The configuration for the MQTT Broker is a JSON object that contains various parameters to customize the behavior and security of the broker. Here's a breakdown of each parameter:

Parameter Description
Name The name of your DataHub.
Port The port on which the MQTT broker listens for incoming non-encrypted connections. Default is 1883.
TlsPort The port on which the MQTT broker listens for incoming encrypted connections using TLS. Default is 1884.
WebsocketPortTls The port for MQTT communication over WebSockets with TLS encryption. Default is 443.
WebsocketPort The port for MQTT communication over WebSockets without encryption. Default is 5000.
FullDebugLog A boolean value that, when set to true, enables detailed logging for debugging purposes.
AnonymousLogin A boolean value that, when set to true, allows clients to connect without providing a username and password.
BindIPForMQTT The IP address the MQTT broker binds to for non-encrypted MQTT connections.

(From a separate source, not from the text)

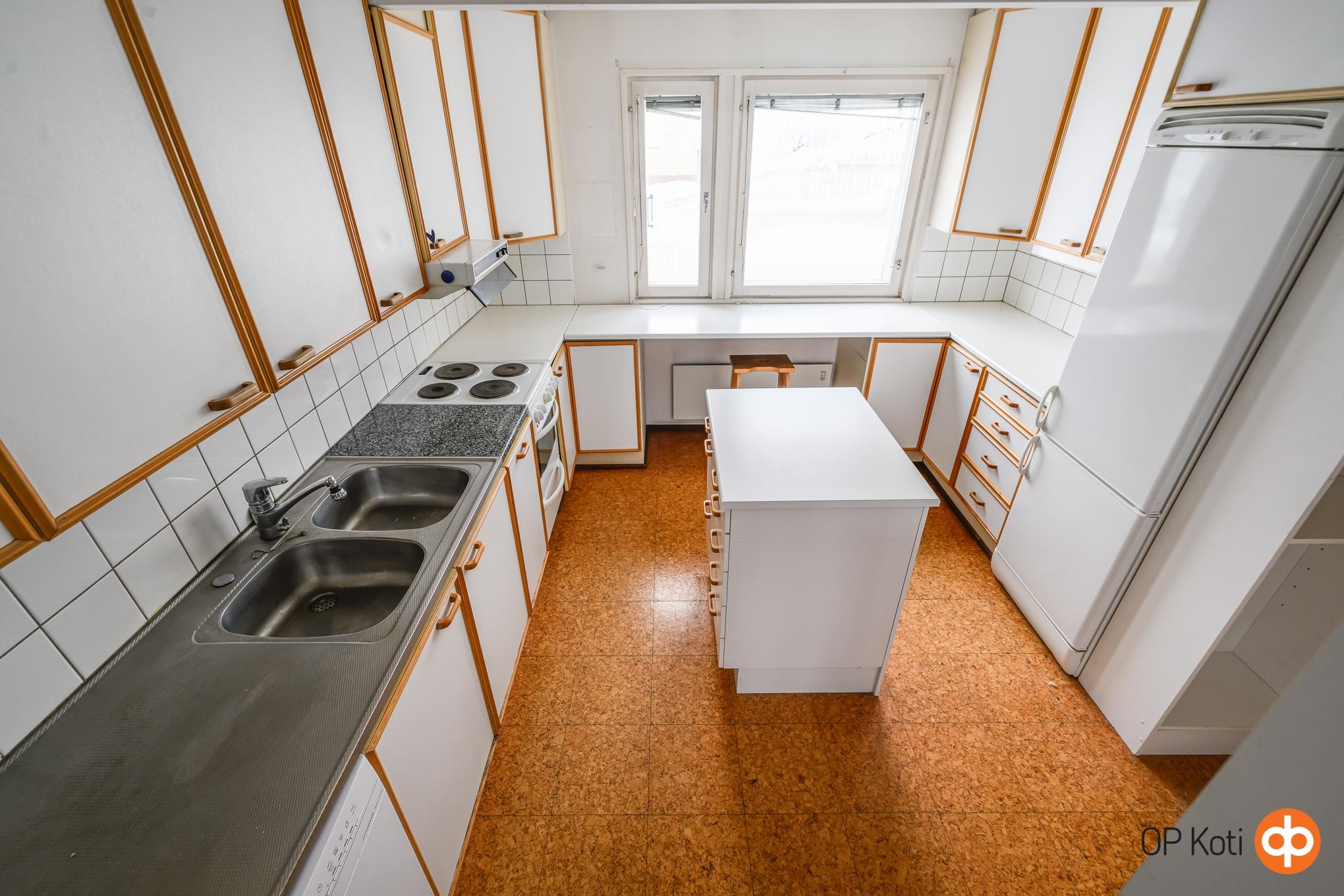 - Jääkaappipakastin, sähköliesi, liesituuletin, astianpesukone, kaapistot, irralliset saarekkeet, kiinteät valaisimet.

Default is 0.0.0.0.
BindIPForMQTTwithTls The IP address the MQTT broker binds to for encrypted MQTT connections using TLS. Default is 0.0.0.0.
BindIpForWebSockets The IP address the MQTT broker binds to for MQTT communication over WebSockets without encryption. Default is 0.0.0.0.
BindIpForWebSocketsTls The IP address the MQTT broker binds to for MQTT communication over WebSockets with TLS encryption. Default is 0.0.0.0.
CertificatePath Specifies the location of the certificate file used for encrypted communication. Paths differ based on OS.
CertificatePassword The password for the certificate.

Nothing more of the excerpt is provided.